__What you will do__
Which lines of the entries below run from the one holding "ADC Engineering is" to the one holding "4.) Click on", inclusive? Set down exactly those lines and no others.

*** Available data Section Begins ***

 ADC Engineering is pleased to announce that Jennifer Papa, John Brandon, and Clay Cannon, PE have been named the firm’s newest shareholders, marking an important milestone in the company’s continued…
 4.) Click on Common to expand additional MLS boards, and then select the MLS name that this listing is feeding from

*** Available data Section Ends ***
*** Available data Section Begins ***

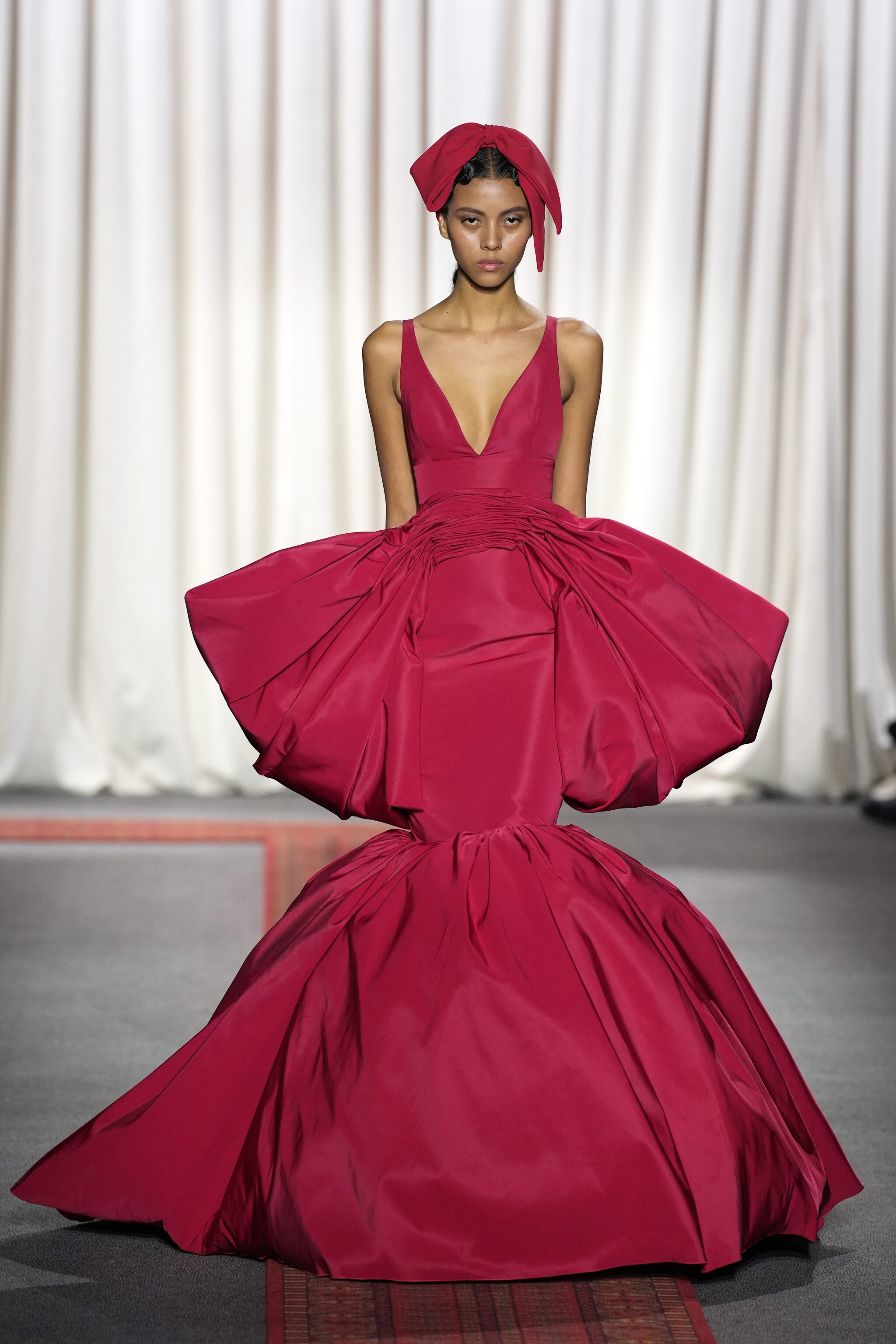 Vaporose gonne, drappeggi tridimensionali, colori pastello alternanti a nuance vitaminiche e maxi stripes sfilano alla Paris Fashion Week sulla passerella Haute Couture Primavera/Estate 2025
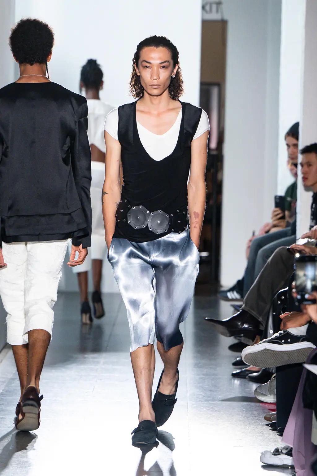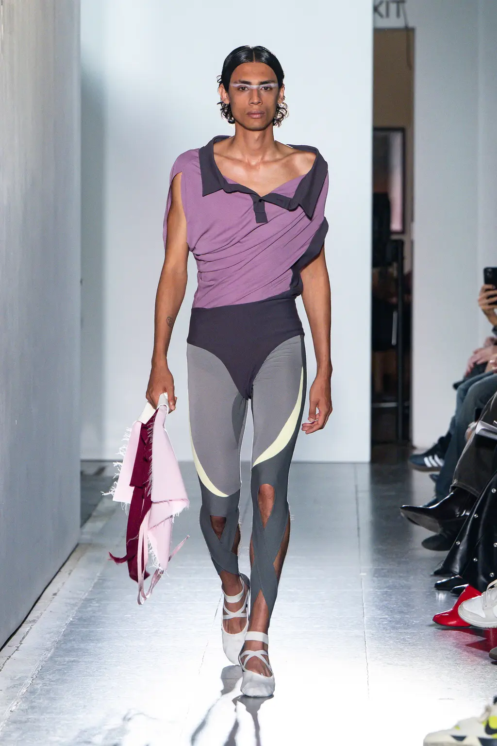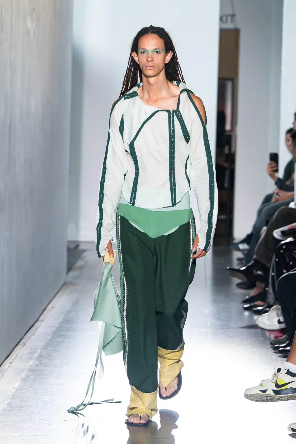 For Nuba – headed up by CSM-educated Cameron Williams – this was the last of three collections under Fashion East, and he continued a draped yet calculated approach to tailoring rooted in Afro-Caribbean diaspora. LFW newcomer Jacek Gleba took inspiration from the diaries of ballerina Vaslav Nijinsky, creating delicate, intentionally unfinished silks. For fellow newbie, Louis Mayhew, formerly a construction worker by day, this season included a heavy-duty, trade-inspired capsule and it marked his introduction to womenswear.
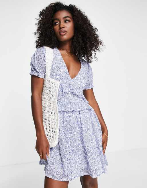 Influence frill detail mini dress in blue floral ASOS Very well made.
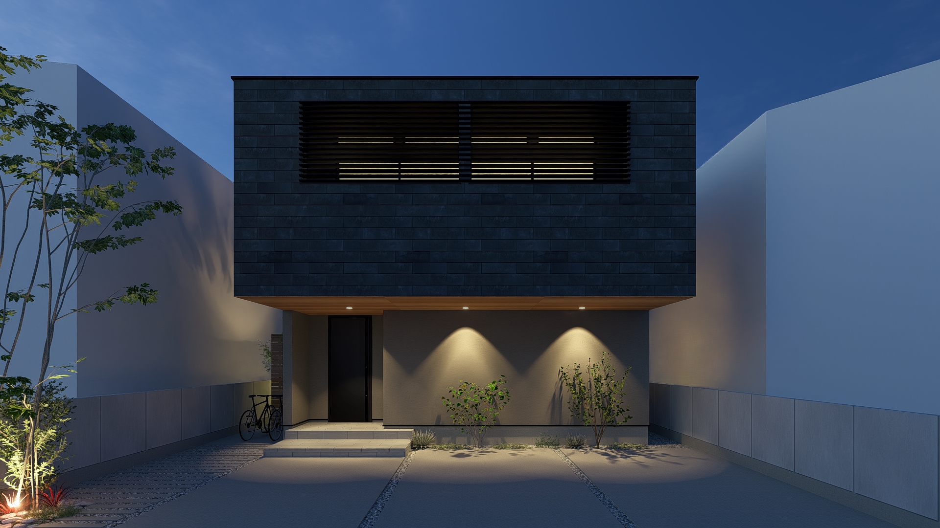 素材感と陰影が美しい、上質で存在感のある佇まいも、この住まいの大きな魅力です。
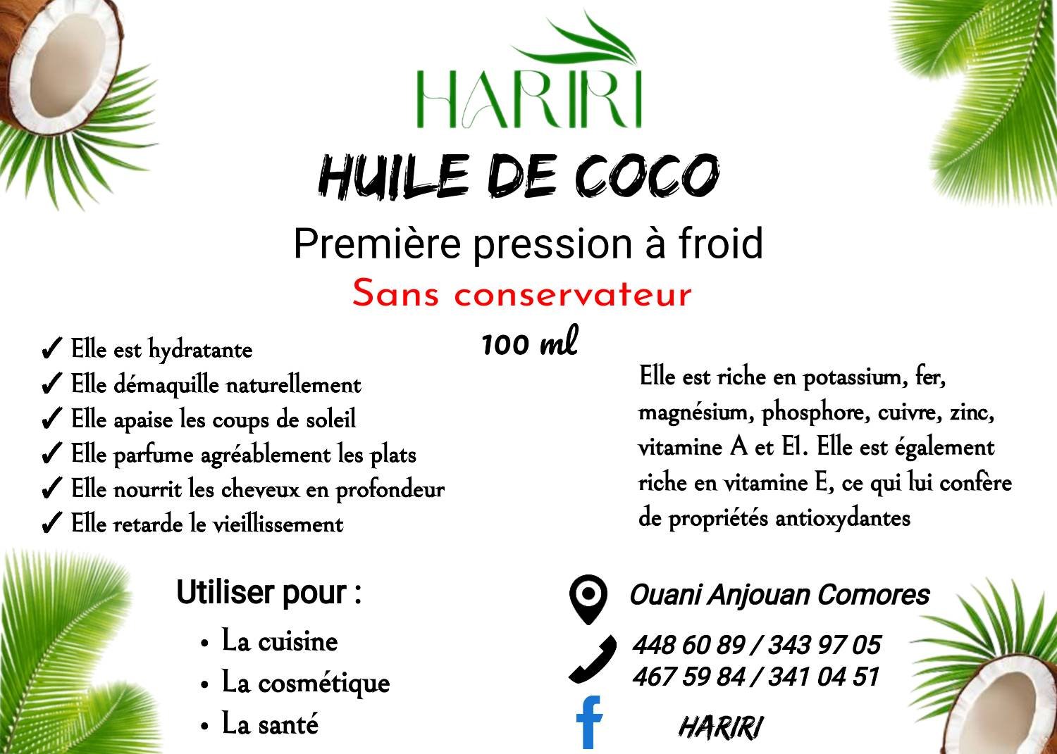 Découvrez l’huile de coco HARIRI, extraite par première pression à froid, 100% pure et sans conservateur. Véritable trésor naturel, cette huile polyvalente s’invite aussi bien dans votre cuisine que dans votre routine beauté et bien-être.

*** Available data Section Ends ***

__Reply to the exercise__
 ADC Engineering is pleased to announce that Jennifer Papa, John Brandon, and Clay Cannon, PE have been named the firm’s newest shareholders, marking an important milestone in the company’s continued…
 4.) Click on Common to expand additional MLS boards, and then select the MLS name that this listing is feeding from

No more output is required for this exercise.